**Input data:**
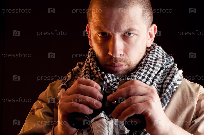 Наемник в камуфляже с биноклем в руках
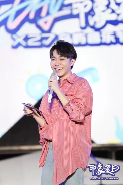 何炅、吴青峰与赵典手持X27印象夏日台上互动
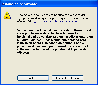 Durante el proceso de instalación del producto, por 2 veces se nos mostrará la siguiente ventana, que nos indica que el software no ha superado la prueba de compatibilidad con Windows XP, advertencias que ignoraremos pulsando en las respectivas ventanas sobre el botón "Continuar".
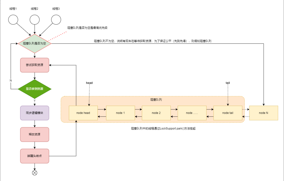 公平锁就是线程严格按照阻塞队列的排列顺序获取资源,先到先得,不得插队。如下图所示:
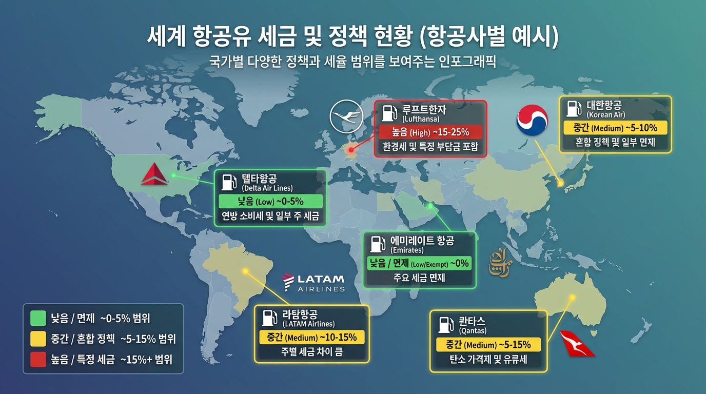 참고 자료: 국제항공운송협회(IATA) 유가 모니터링, 각 항공사 유류세 공지사항 (2026)
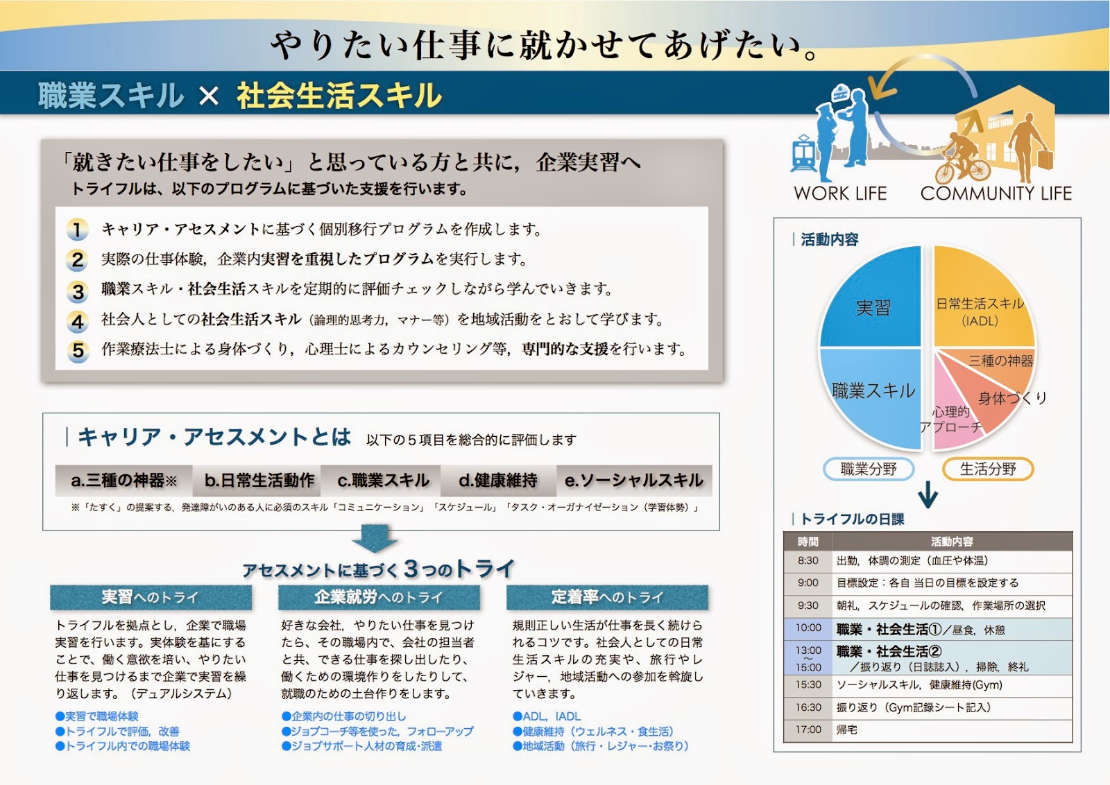 工程表を基準に合格証をもらって再挑戦に挑む「W-Base(ワークベース)」の二本柱です。
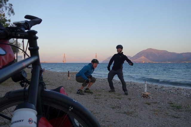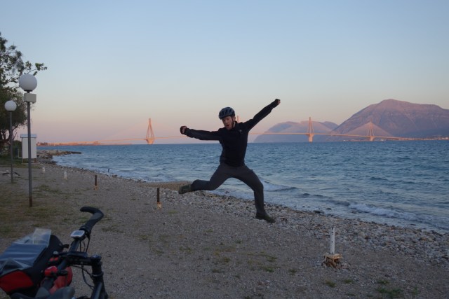 Mit noch leerem Magen aber einem guten Gefühl, so früh schon unterwegs zu sein, nehmen wir die berühmt berüchtigte Rio-Andirrio Brücke in Angriff. Sie verbindet die Peloponnes mit dem Festland und ist über 2 km lang.

**Work to be completed:** Please repeat, exactly as written, only the lines from the line with "工程表を基準に合格証をもらっ" to the end of the data, leaving out every picture.

**Reply to the exercise:**
 工程表を基準に合格証をもらって再挑戦に挑む「W-Base(ワークベース)」の二本柱です。
 Mit noch leerem Magen aber einem guten Gefühl, so früh schon unterwegs zu sein, nehmen wir die berühmt berüchtigte Rio-Andirrio Brücke in Angriff. Sie verbindet die Peloponnes mit dem Festland und ist über 2 km lang.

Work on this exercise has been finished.